*** Opening Dataset extract ***
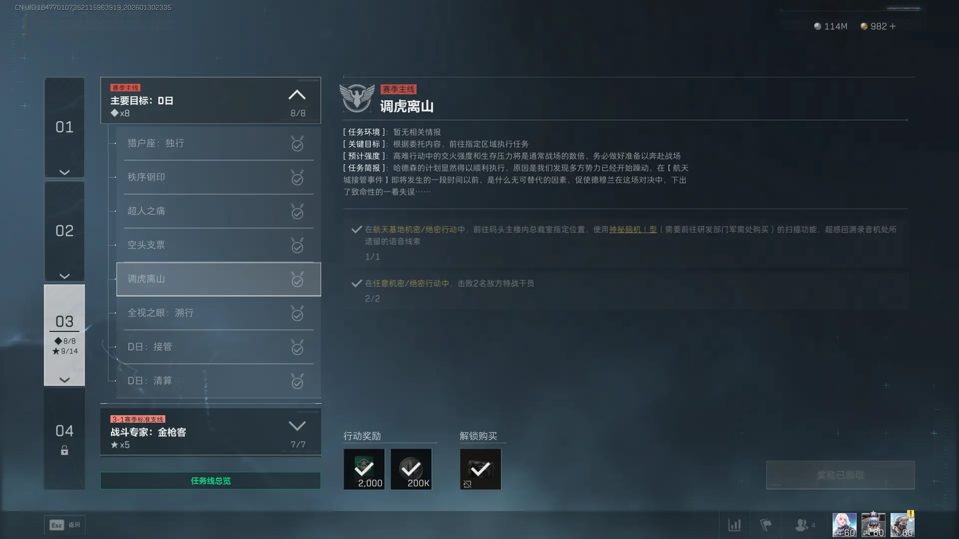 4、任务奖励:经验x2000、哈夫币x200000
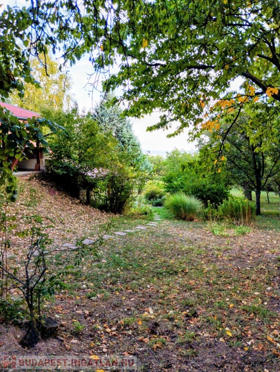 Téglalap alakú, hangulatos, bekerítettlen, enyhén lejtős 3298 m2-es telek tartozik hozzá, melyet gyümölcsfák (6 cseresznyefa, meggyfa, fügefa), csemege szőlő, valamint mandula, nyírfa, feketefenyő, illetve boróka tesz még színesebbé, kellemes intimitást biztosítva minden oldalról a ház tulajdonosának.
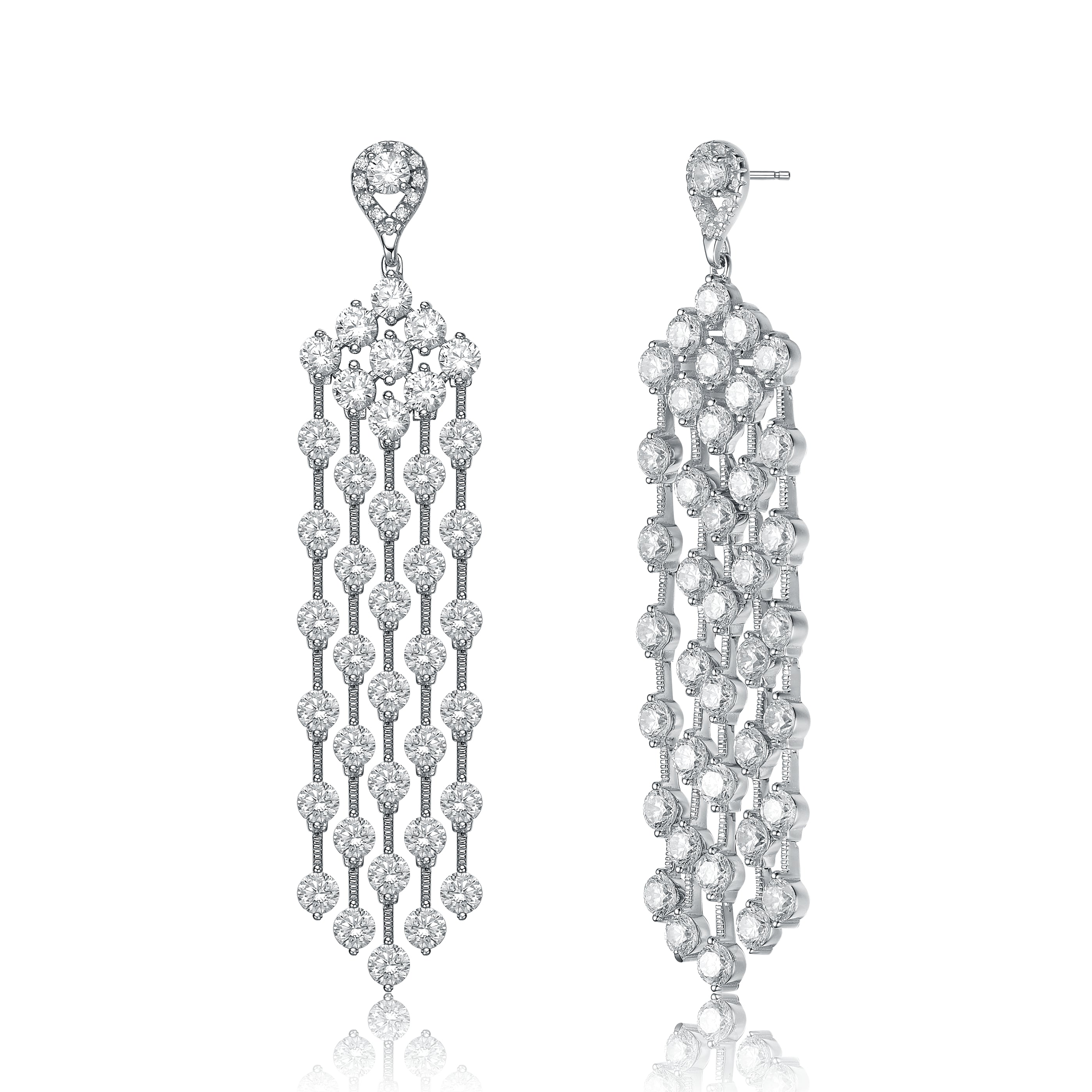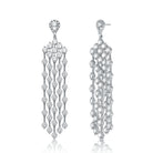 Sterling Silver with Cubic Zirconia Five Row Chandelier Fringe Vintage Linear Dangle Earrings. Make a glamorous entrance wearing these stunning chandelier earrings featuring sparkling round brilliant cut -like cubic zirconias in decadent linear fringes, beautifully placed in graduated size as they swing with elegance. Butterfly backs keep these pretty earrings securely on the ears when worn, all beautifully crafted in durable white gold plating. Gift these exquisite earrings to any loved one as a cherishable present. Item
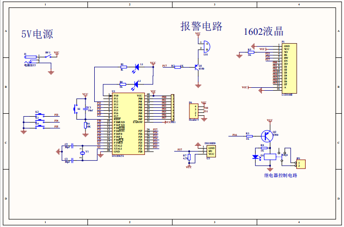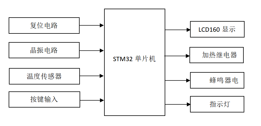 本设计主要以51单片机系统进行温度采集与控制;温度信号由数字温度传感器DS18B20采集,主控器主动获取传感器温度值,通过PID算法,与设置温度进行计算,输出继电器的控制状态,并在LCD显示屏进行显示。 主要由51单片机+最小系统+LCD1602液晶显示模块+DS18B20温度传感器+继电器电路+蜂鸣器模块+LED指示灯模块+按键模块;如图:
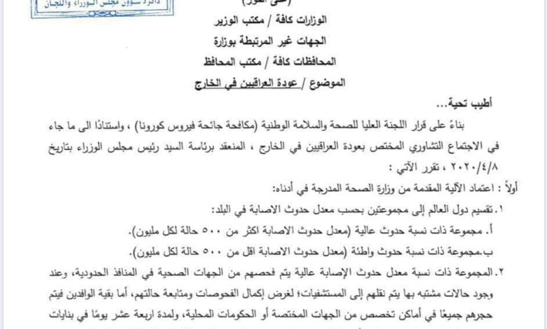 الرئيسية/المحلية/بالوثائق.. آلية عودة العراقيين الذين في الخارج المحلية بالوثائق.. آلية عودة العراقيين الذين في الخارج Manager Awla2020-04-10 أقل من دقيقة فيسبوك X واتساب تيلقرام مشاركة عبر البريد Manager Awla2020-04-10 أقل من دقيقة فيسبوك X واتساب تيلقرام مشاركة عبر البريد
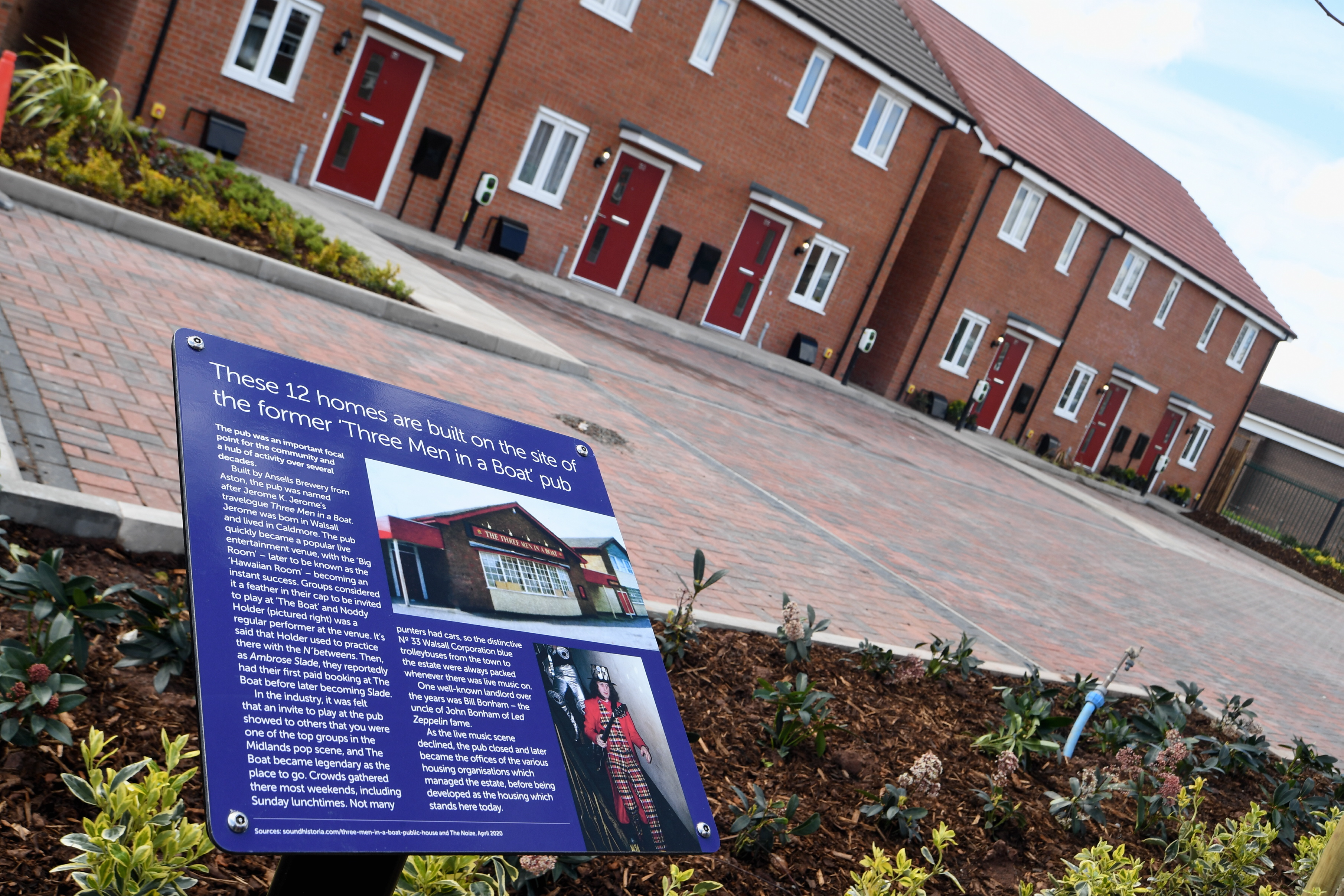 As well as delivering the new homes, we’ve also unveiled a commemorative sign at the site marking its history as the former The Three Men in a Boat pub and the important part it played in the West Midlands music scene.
*** Closing Dataset extract ***
*** Opening Dataset extract ***
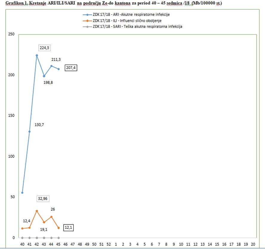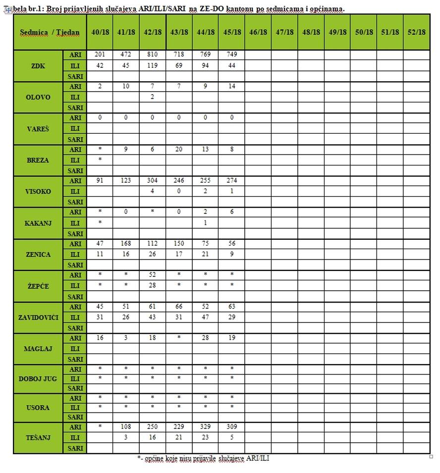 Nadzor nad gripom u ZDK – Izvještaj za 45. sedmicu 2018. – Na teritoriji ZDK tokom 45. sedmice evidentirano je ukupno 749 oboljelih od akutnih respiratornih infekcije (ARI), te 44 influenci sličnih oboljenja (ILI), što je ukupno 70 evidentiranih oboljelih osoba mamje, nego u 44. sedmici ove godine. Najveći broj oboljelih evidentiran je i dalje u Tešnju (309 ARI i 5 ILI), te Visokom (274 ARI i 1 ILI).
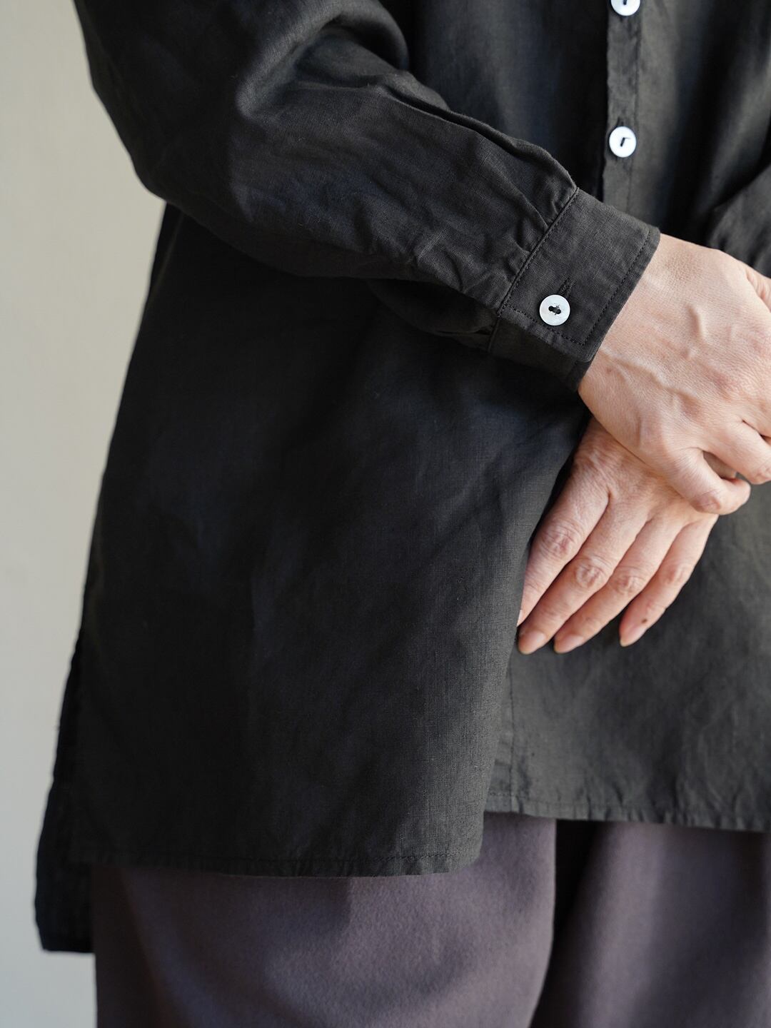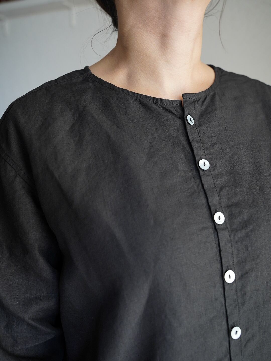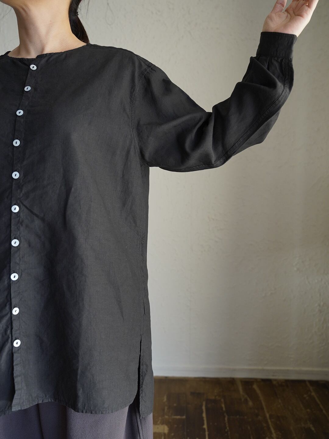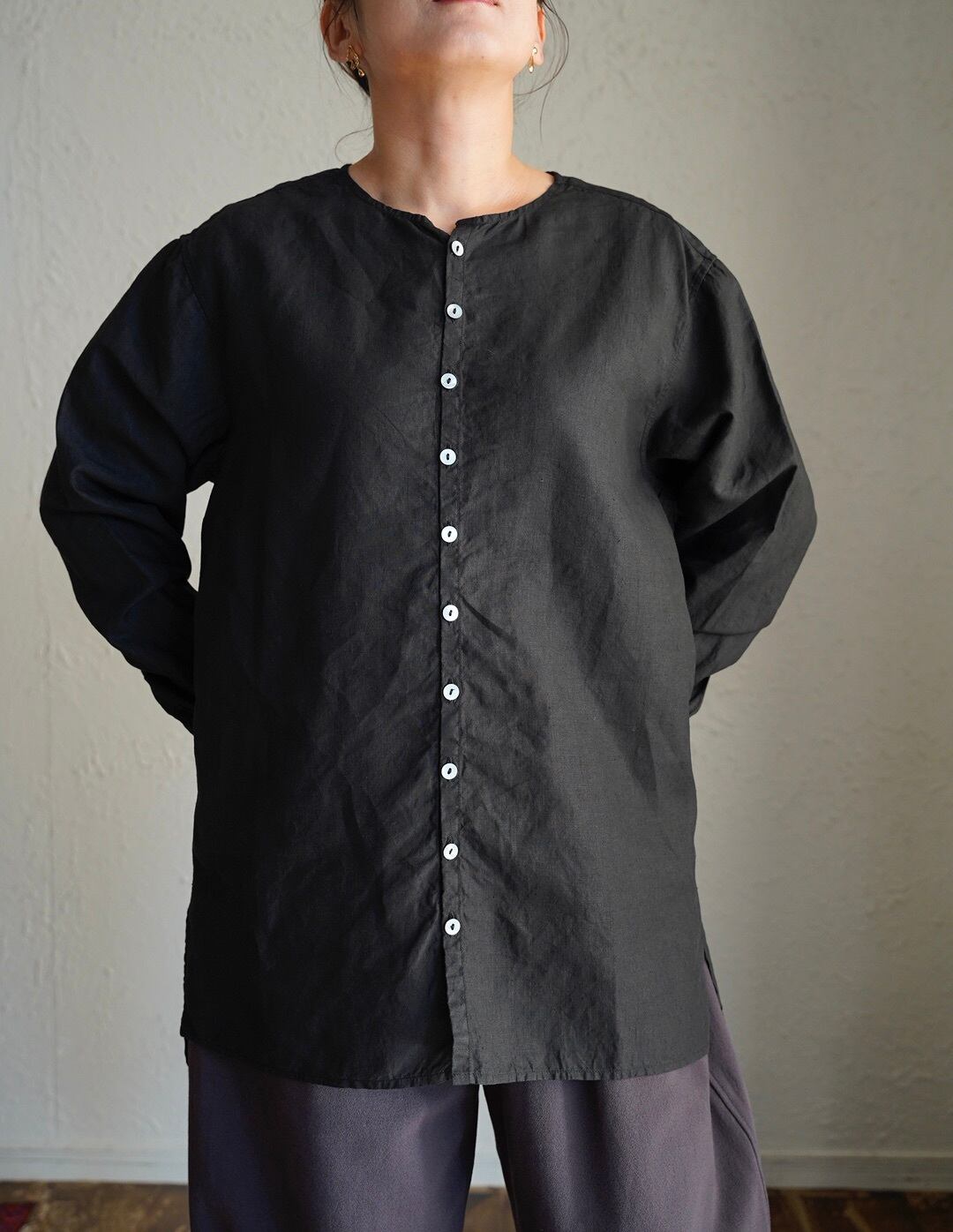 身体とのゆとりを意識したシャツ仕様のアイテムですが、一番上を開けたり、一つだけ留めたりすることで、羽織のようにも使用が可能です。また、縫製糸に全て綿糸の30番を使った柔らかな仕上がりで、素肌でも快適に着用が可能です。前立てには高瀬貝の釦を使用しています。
*** Closing Dataset extract ***
*** Opening Dataset extract ***
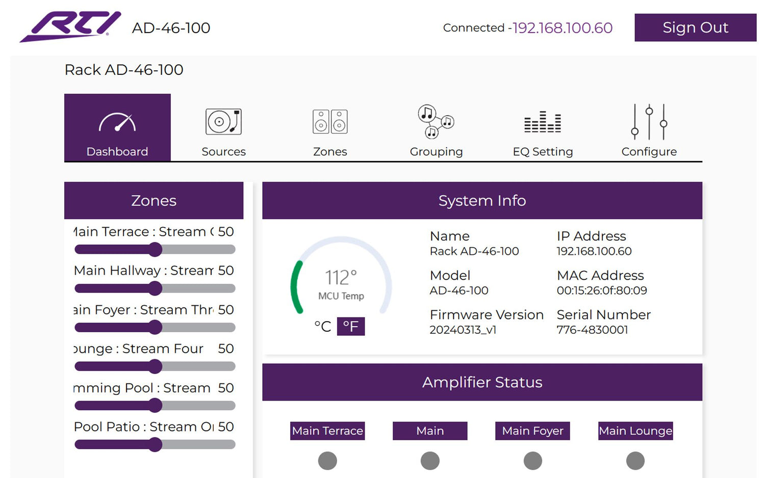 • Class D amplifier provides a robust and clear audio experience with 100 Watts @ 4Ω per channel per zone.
*** Closing Dataset extract ***
▶ _Task instructions_: Above are records with pictures. Reproduce exactly only the lines from the line with "4、任务奖励:经验x2000、哈夫币x200000" through the line with "As well as delivering", both ends included, and leave the pictures out.

▶ _Exercise result_:
 4、任务奖励:经验x2000、哈夫币x200000
 Téglalap alakú, hangulatos, bekerítettlen, enyhén lejtős 3298 m2-es telek tartozik hozzá, melyet gyümölcsfák (6 cseresznyefa, meggyfa, fügefa), csemege szőlő, valamint mandula, nyírfa, feketefenyő, illetve boróka tesz még színesebbé, kellemes intimitást biztosítva minden oldalról a ház tulajdonosának.
 Sterling Silver with Cubic Zirconia Five Row Chandelier Fringe Vintage Linear Dangle Earrings. Make a glamorous entrance wearing these stunning chandelier earrings featuring sparkling round brilliant cut -like cubic zirconias in decadent linear fringes, beautifully placed in graduated size as they swing with elegance. Butterfly backs keep these pretty earrings securely on the ears when worn, all beautifully crafted in durable white gold plating. Gift these exquisite earrings to any loved one as a cherishable present. Item
 本设计主要以51单片机系统进行温度采集与控制;温度信号由数字温度传感器DS18B20采集,主控器主动获取传感器温度值,通过PID算法,与设置温度进行计算,输出继电器的控制状态,并在LCD显示屏进行显示。 主要由51单片机+最小系统+LCD1602液晶显示模块+DS18B20温度传感器+继电器电路+蜂鸣器模块+LED指示灯模块+按键模块;如图:
 الرئيسية/المحلية/بالوثائق.. آلية عودة العراقيين الذين في الخارج المحلية بالوثائق.. آلية عودة العراقيين الذين في الخارج Manager Awla2020-04-10 أقل من دقيقة فيسبوك X واتساب تيلقرام مشاركة عبر البريد Manager Awla2020-04-10 أقل من دقيقة فيسبوك X واتساب تيلقرام مشاركة عبر البريد
 As well as delivering the new homes, we’ve also unveiled a commemorative sign at the site marking its history as the former The Three Men in a Boat pub and the important part it played in the West Midlands music scene.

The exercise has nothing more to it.